Went to look at a job today where the plumber was found to not be licensed. Went to give price on finishing 2 top outs and 1 slab. Slab rough looks like 1 bath is flip flopped by mistake, didn't have blueprint to verify.This is only part of what I saw..:laughing:


----------



## rocksteady (Oct 8, 2008)

What the hell is that? Is it glue, primer or just paint?

I like how everything is supported and braced.





Paul


----------



## RealLivePlumber (Jun 22, 2008)

Might be that blue coating they put on tubs to protect them during construction? http://www.strippablecoating.com/tubs.aspx

Or spray insulation?

What a mess.


----------



## Mongrel (Mar 4, 2010)

rocksteady said:


> I like how everything is supported and braced. Paul


Come on man! That's what the faceplate is for!




:laughing:


----------



## TheSkinnyGuy (Sep 15, 2009)

must be an investor in that there glue... plenty of it on the pipe...


----------



## Optimus Primer (May 20, 2009)

I think everyone failed to notice the cpvc stubout for the tub spout. The spray stuff might be the termite spray from the slab up to about 3 feet high on all the framing. tremador or someting like that.


----------



## Protech (Sep 22, 2008)

Oh, you mean the termite spray that causes cpvc to split? :laughing:


----------



## Optimus Primer (May 20, 2009)

Protech said:


> Oh, you mean the termite spray that causes cpvc to split? :laughing:


 
Yeah thats the stuff. :yes:


----------



## AKdaplumba (Jan 12, 2010)

what the.......


----------



## ROCKSTARPLUMBER (Dec 14, 2008)

I could name off whos work that looks like, but i wont. Plasticman, I have a pretty good idea as to who did that.


----------



## KCplumber (Dec 31, 2009)

At least he/she used a Moen posi-temp :thumbup:


----------



## Plasticman (Oct 14, 2008)

ROCKSTARPLUMBER said:


> I could name off whos work that looks like, but i wont.
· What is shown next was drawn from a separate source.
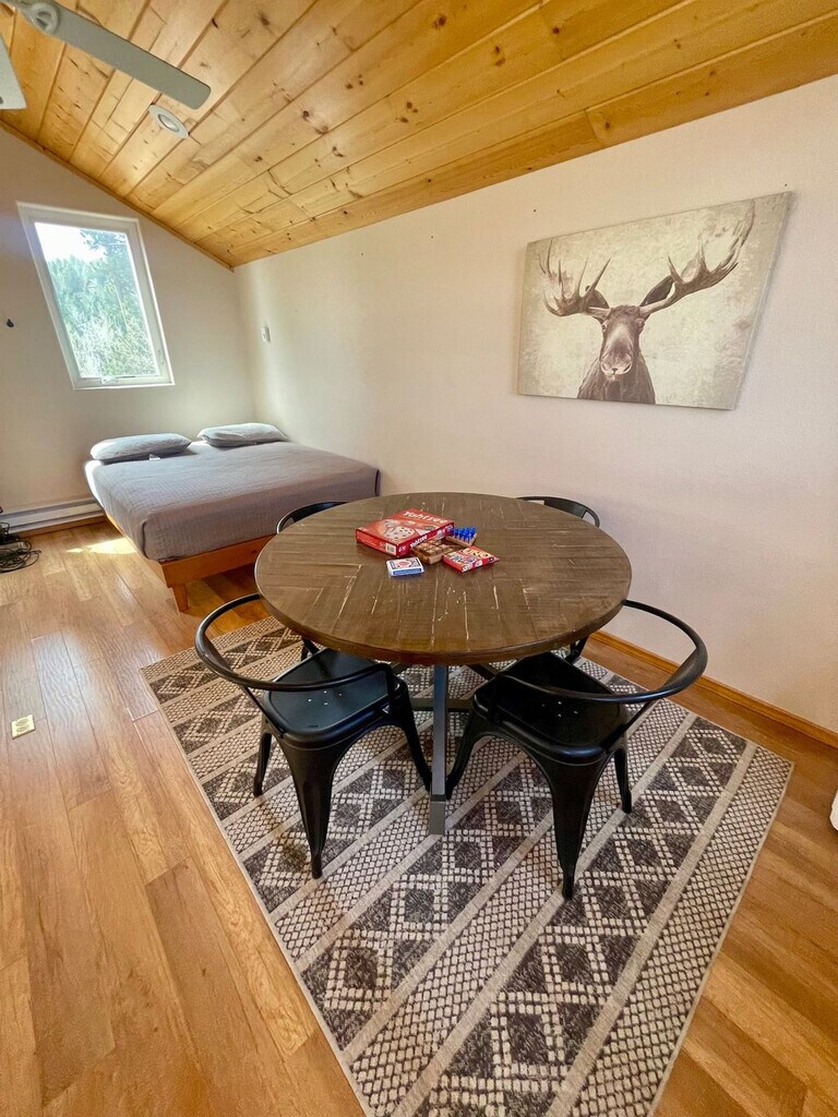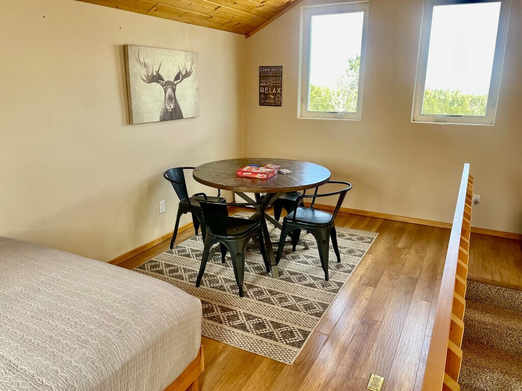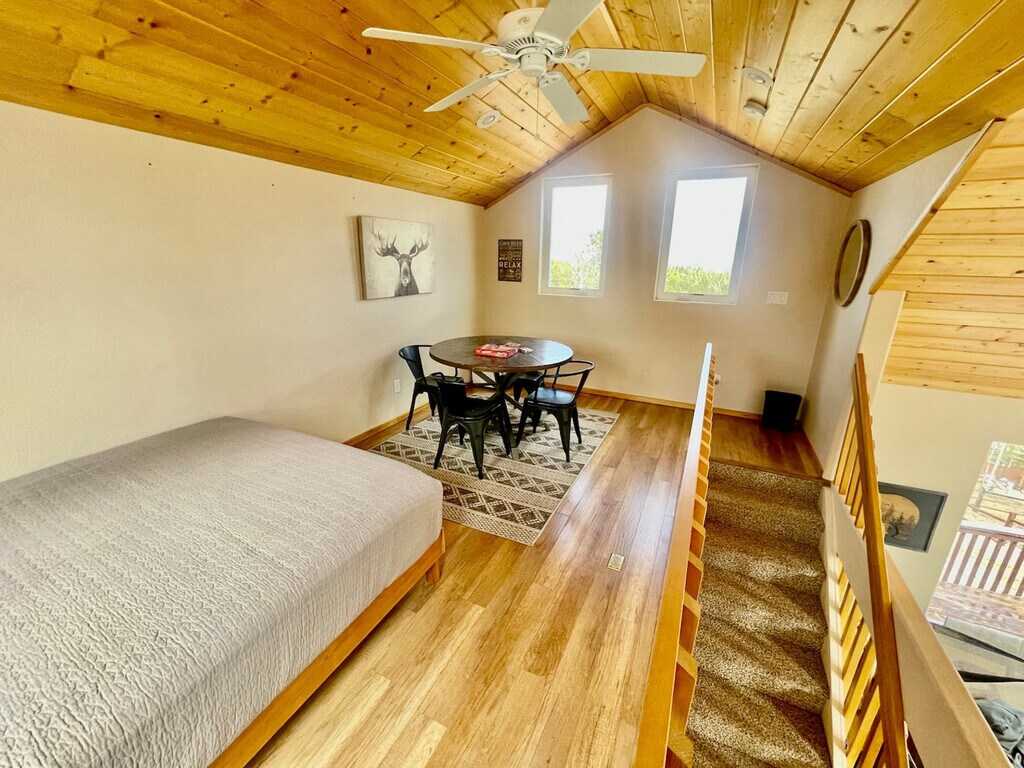 Feel at home in this cozy mountain retreat with frequent wildlife sightings, including bears, deer, and turkey that regularly roam through the yard. This home features a kitchen with a refrigerator, stove, microwave, regular coffee pot and Keurig, a crock pot, water dispenser, and is stocked with pots and pans, dishes, and basic spices. The living room has a fireplace, couch with recliners on each end, two chairs, a bench, and access to the rear deck and loft. There are two large humidifiers in the house for guests' use, which is very beneficial in the winter months as it can get dry up in the mountains. Enjoy the hot tub with a view of the mountains. Located in a neighborhood of mountain homes with beautiful views of Woodland Park, this home is about 13 minutes from downtown Woodland Park. You may encounter wildlife, as it is common to see deer, turkey, and bears roaming around. Colorado Springs Airport is 36 miles away, about a 45-minute drive, and Denver Airport is a two-hour drive. It is 39 miles to the Air Force Academy, 20 miles to Manitou Springs, 24 miles to Garden of the Gods, 26 miles to Cripple Creek, 61 miles to Royal Gorge, and 6 miles (15 minutes) to Charis Bible College. Some of the roads are steep, so 4WD or AWD will be necessary in the winter. Uber and taxis are available but may be difficult to get on short notice, and 4WD or AWD is highly recommended. Includes a desk and printer in the loft. [SI]

Plasticman, I have a pretty good idea as to who did that.


Tell me then, Rockstar. He was not licensed. The builder has three jobs that the city put a stop work order on because of him. Someone in permitting did not catch it at the time of issuance that the guy was only registered but was working off the builders permit. ( tax dollars at work ) ( lazy ass unqualified employees )
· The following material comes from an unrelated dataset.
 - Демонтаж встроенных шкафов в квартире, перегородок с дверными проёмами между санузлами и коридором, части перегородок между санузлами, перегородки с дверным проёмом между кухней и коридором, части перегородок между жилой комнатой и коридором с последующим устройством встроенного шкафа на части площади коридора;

That blue crap is spray on termite stuff. Makes a mess of everything. They don't care where it lands or how big a mess they make with it. Gets on your hands and is difficult to wash off. I don't trust it for bug protection at all. All it is, is borax I'm told.
And yes, the idea behind the pic was to see who would notice the cpvc drop to the tub spout. We have a winner! I will send you a free gift in the mail.:whistling2:


----------



## rocksteady (Oct 8, 2008)

house plumber said:


> I think everyone failed to notice the cpvc stubout for the tub spout.


I did see that but I just figured you guys down there had glue on tub spouts. 





Paul


----------



## kentdmo (Dec 15, 2008)

thats what keeps us busy is crap work like that


----------



## TheMaster (Jun 12, 2009)

Looks like they used all plastic male adapters too.


----------



## ROCKSTARPLUMBER (Dec 14, 2008)

It's cool, they will be calling me to fix it in about 6 months. Job security.:thumbup:


----------



## RealLivePlumber (Jun 22, 2008)

I just stopped by a buddies whole house rough today. They made him use C.I. stacks in the living areas. I told him I'll be back in 10 years to swap them out!. 
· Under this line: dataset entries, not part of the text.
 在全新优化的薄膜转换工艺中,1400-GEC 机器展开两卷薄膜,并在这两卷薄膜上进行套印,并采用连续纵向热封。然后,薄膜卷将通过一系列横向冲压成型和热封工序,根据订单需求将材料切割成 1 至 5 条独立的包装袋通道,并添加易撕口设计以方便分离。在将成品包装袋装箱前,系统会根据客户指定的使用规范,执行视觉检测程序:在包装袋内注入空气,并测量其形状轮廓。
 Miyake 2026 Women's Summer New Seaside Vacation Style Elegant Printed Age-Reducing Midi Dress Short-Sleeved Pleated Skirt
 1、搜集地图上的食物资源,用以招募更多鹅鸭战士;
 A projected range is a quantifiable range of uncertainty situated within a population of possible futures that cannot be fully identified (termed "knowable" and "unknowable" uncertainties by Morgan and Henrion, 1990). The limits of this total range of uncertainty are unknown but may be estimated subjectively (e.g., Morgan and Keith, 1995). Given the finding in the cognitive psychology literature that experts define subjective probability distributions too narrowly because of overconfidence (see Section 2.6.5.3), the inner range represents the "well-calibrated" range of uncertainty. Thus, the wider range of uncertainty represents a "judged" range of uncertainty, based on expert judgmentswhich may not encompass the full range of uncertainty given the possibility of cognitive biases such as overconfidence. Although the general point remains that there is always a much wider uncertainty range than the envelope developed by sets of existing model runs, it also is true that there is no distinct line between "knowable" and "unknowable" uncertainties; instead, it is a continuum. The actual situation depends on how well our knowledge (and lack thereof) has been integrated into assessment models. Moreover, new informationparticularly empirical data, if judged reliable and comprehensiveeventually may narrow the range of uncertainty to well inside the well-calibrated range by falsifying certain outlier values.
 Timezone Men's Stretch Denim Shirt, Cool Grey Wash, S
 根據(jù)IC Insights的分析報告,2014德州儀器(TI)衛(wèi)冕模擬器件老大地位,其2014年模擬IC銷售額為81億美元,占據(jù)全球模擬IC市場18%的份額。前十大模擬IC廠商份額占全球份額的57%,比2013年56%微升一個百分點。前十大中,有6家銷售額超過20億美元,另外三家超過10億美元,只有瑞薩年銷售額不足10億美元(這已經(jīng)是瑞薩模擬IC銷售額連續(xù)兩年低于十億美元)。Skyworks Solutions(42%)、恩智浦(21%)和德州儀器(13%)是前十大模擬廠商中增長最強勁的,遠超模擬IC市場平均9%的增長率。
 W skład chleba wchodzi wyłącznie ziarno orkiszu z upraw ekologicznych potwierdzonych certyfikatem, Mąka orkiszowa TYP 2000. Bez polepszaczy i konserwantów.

Maybe I should take some pictures and measurements now.


----------



## robthaplumber (Jan 27, 2010)

RealLivePlumber said:


> I just stopped by a buddies whole house rough today. They made him use C.I. stacks in the living areas. I told him I'll be back in 10 years to swap them out!.
> 
> Maybe I should take some pictures and measurements now.


 When I did new installs, some of the larger homes (3,000-8,000 sq.ft.) would want c.i. stacks to keep the noise of running water out of thier living spaces. Hey, if they wanna pay fer it, I'll install it.


----------



## rocksteady (Oct 8, 2008)

Most people who spend a million bucks on a house don't want to hear the upstairs toilet flush when they're watching their 60" plasma in the living room.








Paul


----------



## kiddplum (Feb 7, 2010)

*cpvc tub spout*

saw the moen positemp with the cpvc pipe to the tub spout will that work? moen says only copper or iron pipe pex will restrict flow and cause water to run out of the shower head and the tub spout at the same time customer called today with that same complaint valve is piped with cpvc to spout and shower head water comes out both at the same time was thinking maybe a bad valve but after reading a few posts here and seeing this installation im not sure what to think


----------



## chonkie (Jul 31, 2014)

Copper is the only thing I have ever used on the valve to spout section. 1/2" cpvc seems too tiny ID and would do what they are experiencing.


----------



## chonkie (Jul 31, 2014)

Hehe, I just realized what you found ... a 4 year old post.

Edit. Brain fart there, this was in response to the title, but you didn't title the post ... ehh, rough day.


----------